The fires of Imperialism stoked up

The Ashanti War stoked the fires of Imperialism and excited the public imagination. In magazines, novels and newspapers, stories of Imperial victories would now appeal to owners who wanted  to boost sales figures. Yet the British public  understood little about the real nature of the war and of Ashanti society. This was to be characteristic of many of the succeeding campaigns in Africa. It  also gave reassurance to a British public that was becoming increasingly concerned about the nature of British power, particularly coming just after the Prussian armies had destroyed the French armies and occupied Paris. With this victory against the Ashanti, the British felt  they were quite capable of meeting the demands of empire.
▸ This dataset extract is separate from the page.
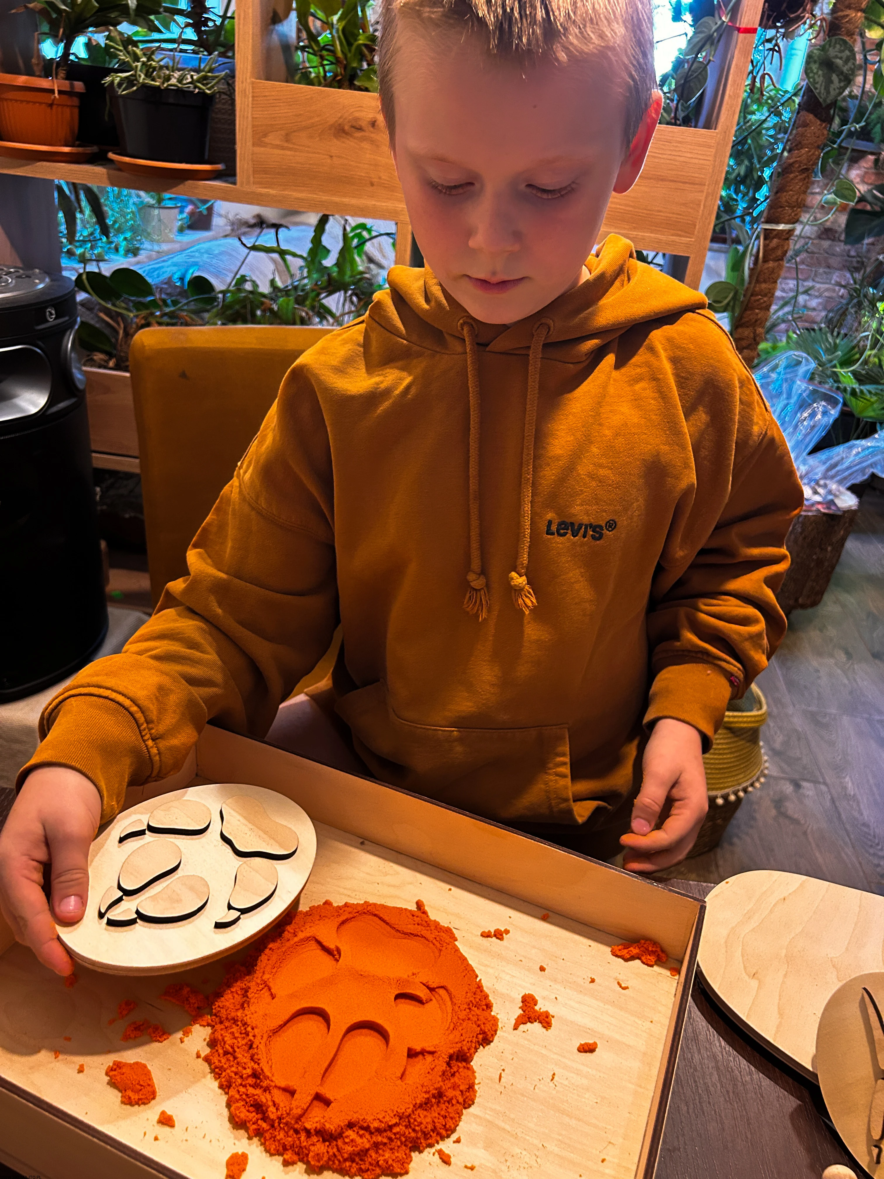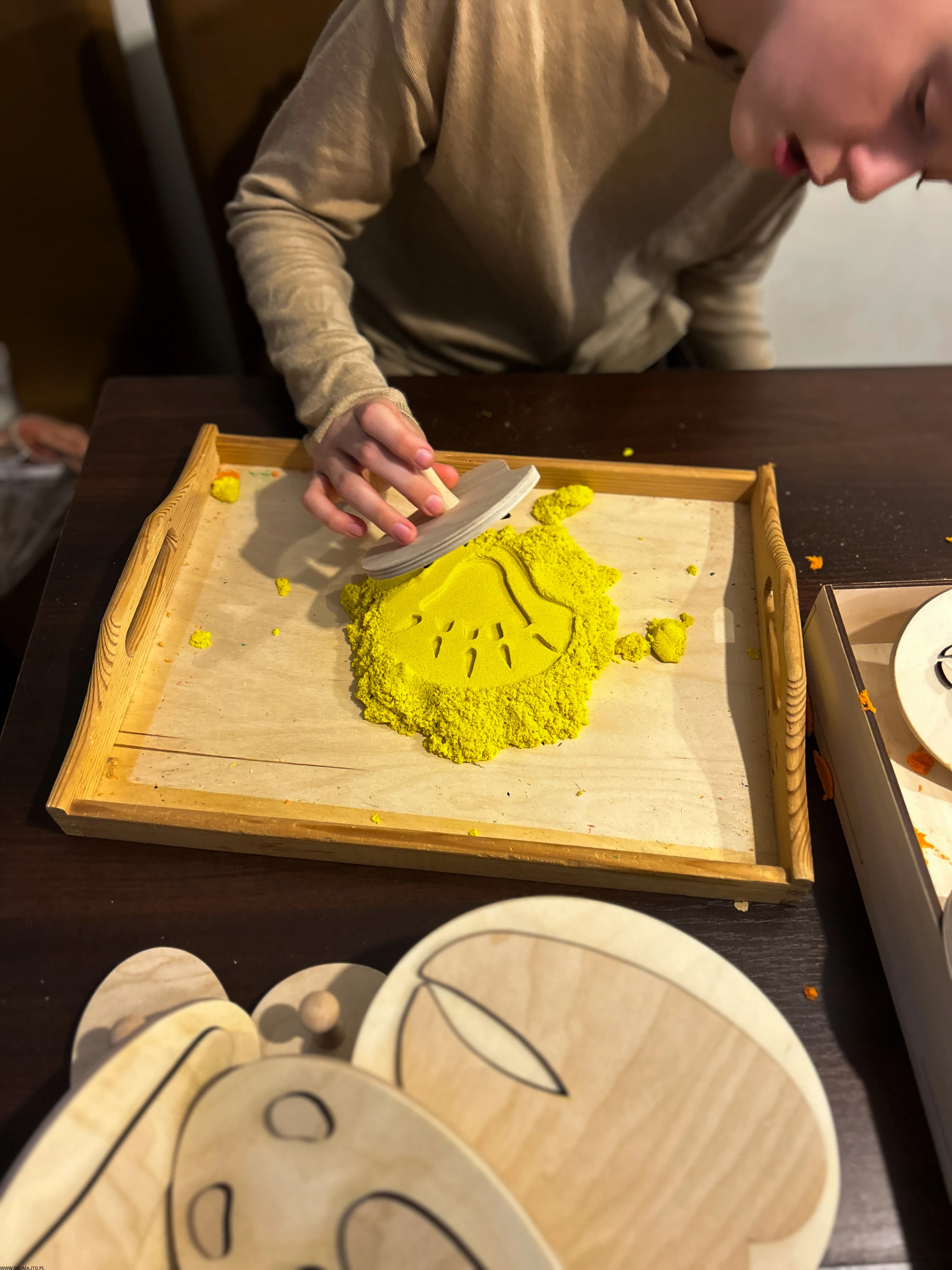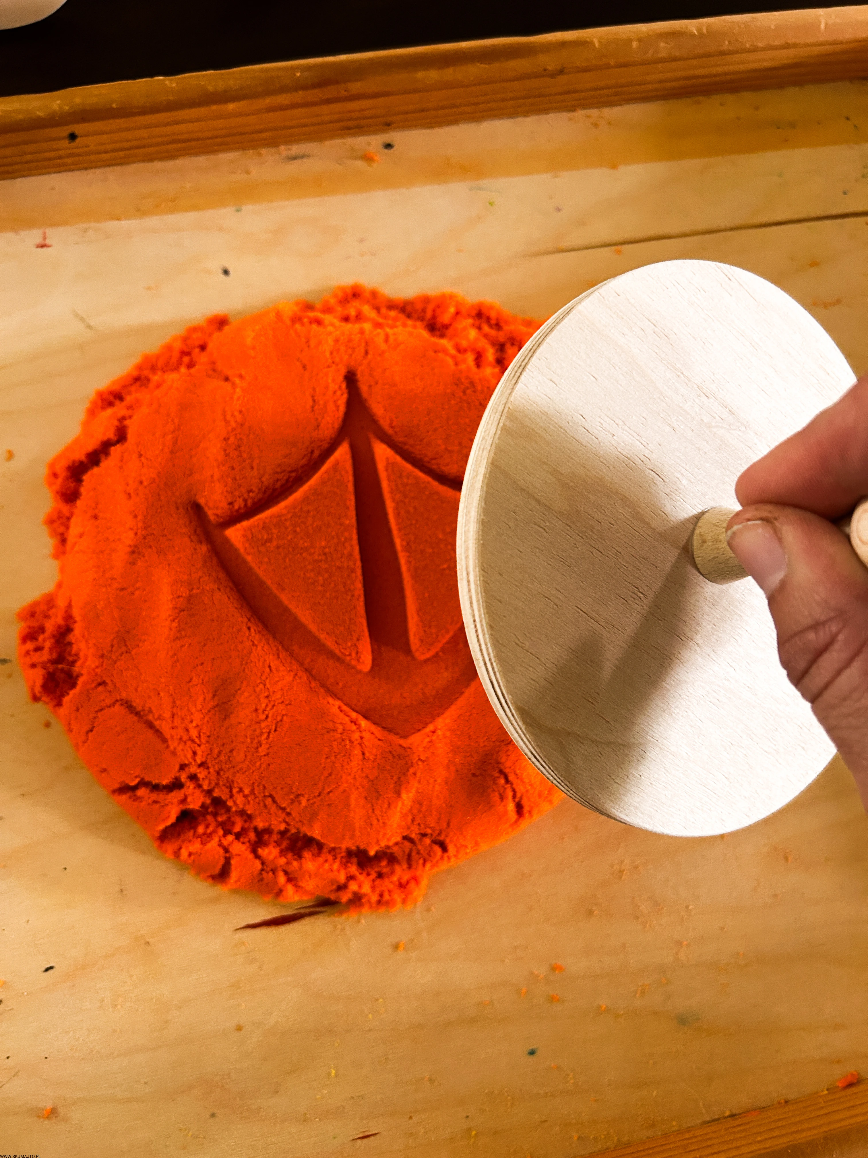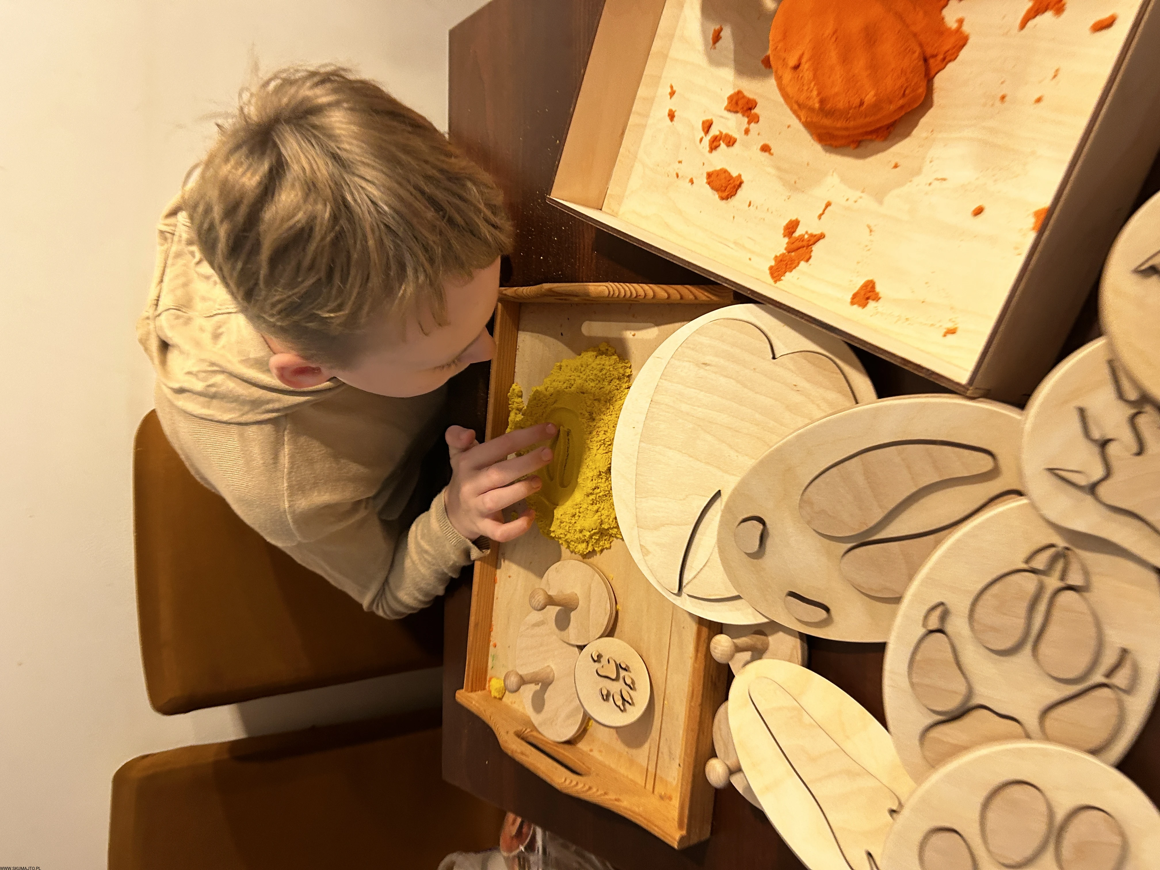 pracować sensorycznie, odbijając tropy np. w piasku kinetycznym, glinie, ciastolinie czy farbie

The war justified Britain's 'Imperial Mission', demonstrated that the army was capable of maintaining the Empire and was a uniting force in British politics. The Ashanti  War of 1874 was the first of many such colonial wars that were a feature of the last quarter of the century.


Further conflict


Despite the defeat of King Karikari, his successor Prempeh reverted to traditional Ashanti customs and when Colonial Secretary wanted to open up the area to British settlement in the 1890s there were further military expeditions. It was only when Prempeh was deposed in 1896 and Ashanti became a British protectorate that the British gained full control over the area although when a British governor insisted on being enthroned on the Golden Stool a further outbreak of violence ensued was quickly put down.